ACTIVITY: Take the lines below from the one with "Am 12.11.2009 erschien" through the one with "威少今天并没有继续上脚自己的" and retype them exactly. Include nothing else, and no pictures.

Saved data entries:
--------------------------------

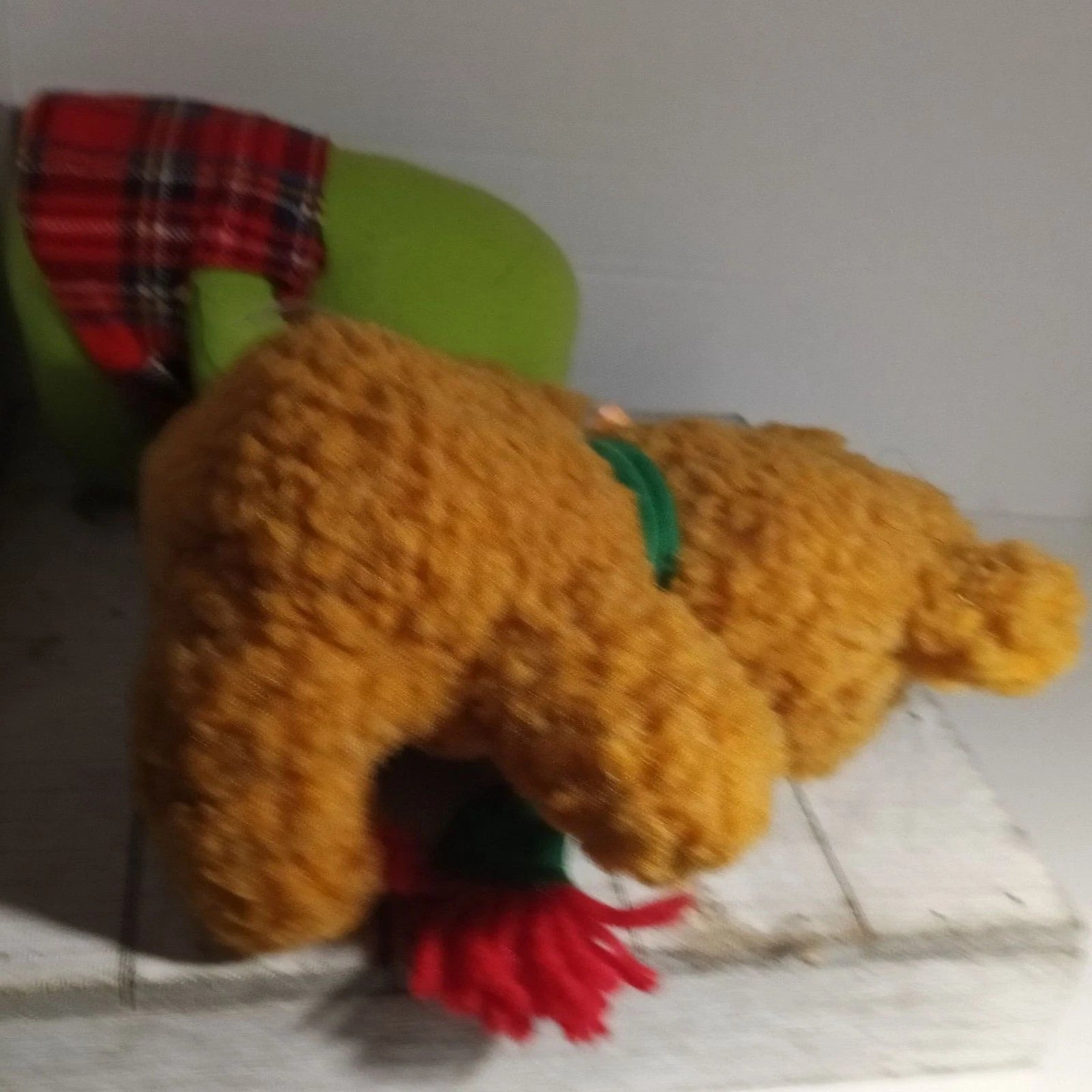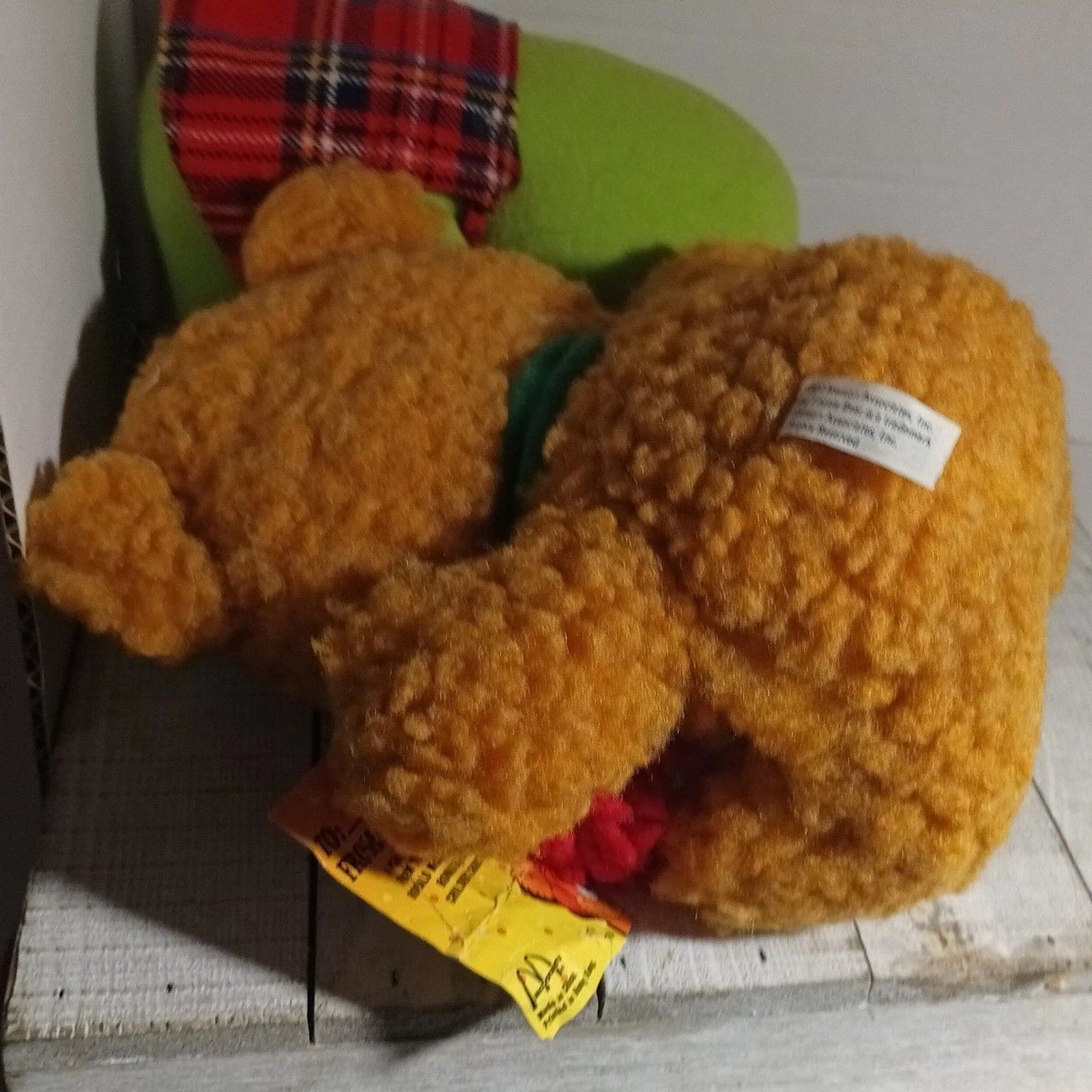 Vintage McDonald’s Muppet Babies plush pair featuring Baby Fozzie Bear in Christmas scarf and Baby Kermit in plaid vest with gift tag. Cute 1980s fast-food premiums for any Muppets fan or holiday display.
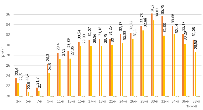 Во второй половине сентября средняя закупочная цена на свиней первой категории продолжает вплотную приближаться к психологической отметке в 30 грн/кг. Нижний порог ценового диапазона на свиней второй категории уже пересек эту границу: килограмм такой свинины на 38-й неделе закупали по 27,5-31,5 грн, однако средний показатель в большей степени тяготеет к ценовому минимуму. Цены закупки мясной свинины варьируют в узком коридоре (от 30 до 32,5 грн), поэтому разрыв между средними ценами на упомянутые категории увеличился.
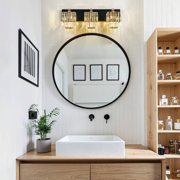 Schonbek 23.62 in. 3-Light 2-Tier Modern Black and Gold Dimmable Bathroom Vanity Light with Crystal Shades
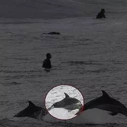 短吻真海豚(Delphinus delphis)分布在大西洋及太平洋,主要生活在远洋及大陆架,短吻真海豚全长1.5米至2.2米,能重达200公斤,据说在2002年捕获的个体全长约2.35米 , 幼海豚体长约0.7米至1米 。 短吻真海豚头骨每边有41至54对牙齿,上颌要较下颌多一至两对牙齿。短吻真海豚并不是随机交配的,根据地理位置不同出现了不同的独立种群。
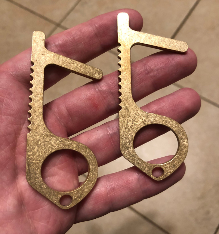 Answer: They go on your key ring, and you use them to open doors or push buttons, so you don’t have to use your fingers.
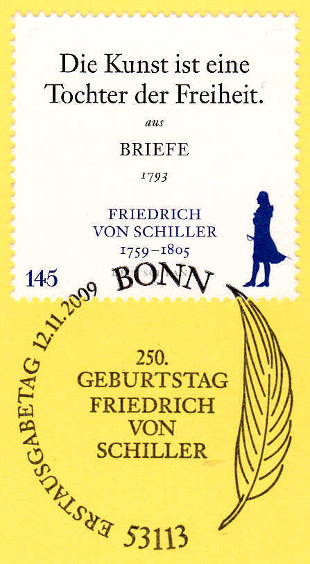 Am 12.11.2009 erschien zum 250.Geburtstag von Friedrich von Schillerbei der Deutschen Post eine Sondermarke (MiNr 2765) mit einer Abbildung von Schiller (Scherenschnitt) und einem Zitat aus dem 2. Brief über die ästhetische Erziehung des Menschen.
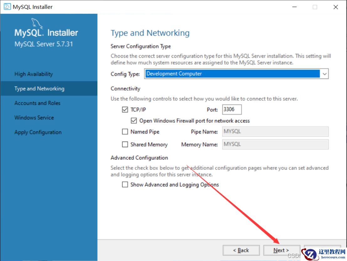 18. MySQL的默认端口是3306,不需要作修改,直接点击“Next”
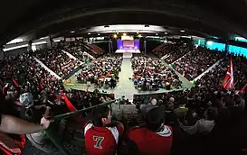 ![]() Interior del pabellón durante la celebración de un mitin político | ||
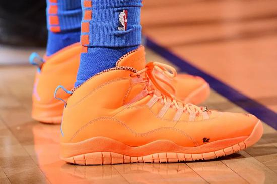 威少今天并没有继续上脚自己的签名鞋“why not”,而是选择了自己专属的“MVP”配色的AJ10。橙色的鞋面极为亮眼,蓝色的点缀更是和雷霆的色调相匹配。
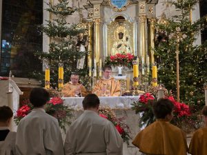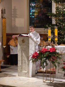 Z radością głośmy więc przyjście Pana. Bóg stał się jednym z nas, dzięki temu naprawdę my możemy być z Bogiem. Na początku mszy pasterskiej kapłan zanosił błaganie Boże, Ty sprawiłeś, że ta Najświętsza Noc zajaśniała blaskiem prawdziwej światłości, daj byśmy w niebie mogli uczestniczyć w radości Twojego Syna, którego tajemnicę Wcielenia poznaliśmy na ziemi. Niebo, tam jest nasz cel. „Naród kroczący w ciemnościach ujrzał światłość wielką nad mieszkańcami kraju mroków światło zabłysło”. Prorok Izajasz mówił te słowa tysiąc lat przed przyjściem Mesjasza. Dziś się narodził Chrystus Pan Zbawiciel – śpiewaliśmy w dzisiejszym psalmie. Tajemnica ta staje się właśnie na nowo w każdym z nas. Ukazała się łaska Boga, która niesie zbawienie wszystkim ludziom. Ne bójcie się – to orędzie anioła, który wypowiedział do pasterzy – zwiastuje wam radość wielką dziś bowiem w mieście Dawida narodził się wam Zbawiciel, którym jest Mesjasz Pan. A to będzie znakiem dla was: znajdziecie niemowlę owinięte w pieluszki i leżące w żłobie.
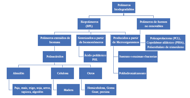 Se denominan "bioplásticos" (BPL) a aquellos materiales plásticos certificados como biodegradables, que tienen su origen en materias orgánicas (recursos agrícolas, forestales y animales), en principio renovables. La figura 2 muestra los diferentes tipos de BPL existentes, clasificados por su origen. Los tipos más comunes de bioplásticos son basados en celulosa, almidón, ácido poliláctico (PLA) y poli-3hidroxibutirato (PHB). Los basados en celulosa son usualmente producidos de pulpa de madera y usados para hacer productos tipo películas, como envolturas.
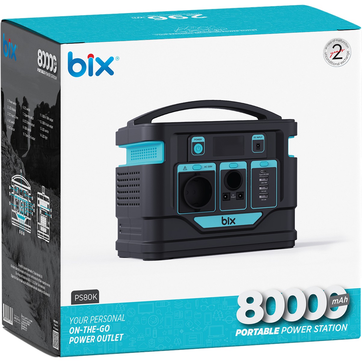 Bix PS80K, 80000mAh kapasitesi ve 296Wh enerji depolama kapasitesi ile güçlü bir taşınabilir şarj cihazıdır. 300W AC priz, 3 adet USB-A ve 1 adet 45W Type-C şarj portu bulunmaktadır. Sos destekli güç istasyonu olarak kullanıcıların elektronik cihazlarını şarj etmelerine olanak sağlar. Taşınabilir yapısı sayesinde seyahatlerde, kamp alanlarında veya acil durumlarda kullanılabilir. Güvenli ve hızlı şarj imkanı sunan Bix PS80K, kullanıcıların enerji ihtiyaçlarını karşılamak için ideal bir seçenektir.
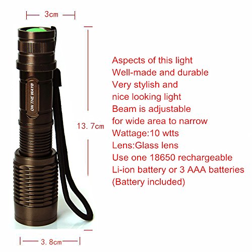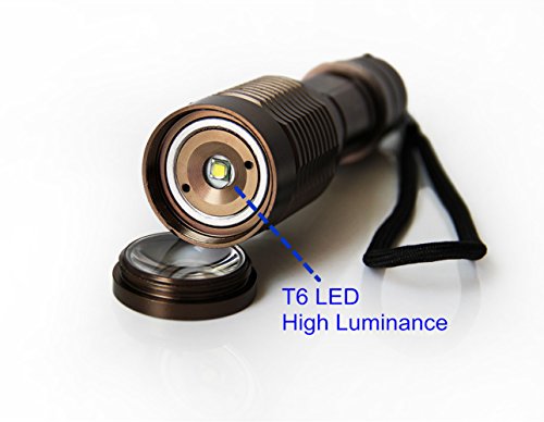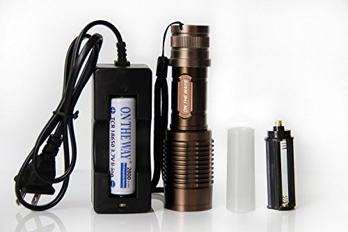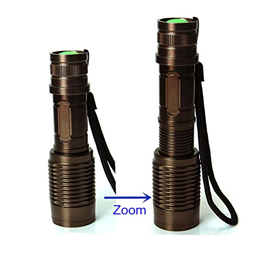 ON THE WAY?1600 Lumens Tactical Adjustable Handheld LED XML T6 5 Mode Adjustable Focus Zoom Tactical Torch AAA/18650 Zoomable Zoom Flashlight Torch Powered By 1Pcs 18650 battery and Charger (Brown)

--------------------------------

FINISHED TASK:
 Am 12.11.2009 erschien zum 250.Geburtstag von Friedrich von Schillerbei der Deutschen Post eine Sondermarke (MiNr 2765) mit einer Abbildung von Schiller (Scherenschnitt) und einem Zitat aus dem 2. Brief über die ästhetische Erziehung des Menschen.
 18. MySQL的默认端口是3306,不需要作修改,直接点击“Next”
 ![]() Interior del pabellón durante la celebración de un mitin político | ||
 威少今天并没有继续上脚自己的签名鞋“why not”,而是选择了自己专属的“MVP”配色的AJ10。橙色的鞋面极为亮眼,蓝色的点缀更是和雷霆的色调相匹配。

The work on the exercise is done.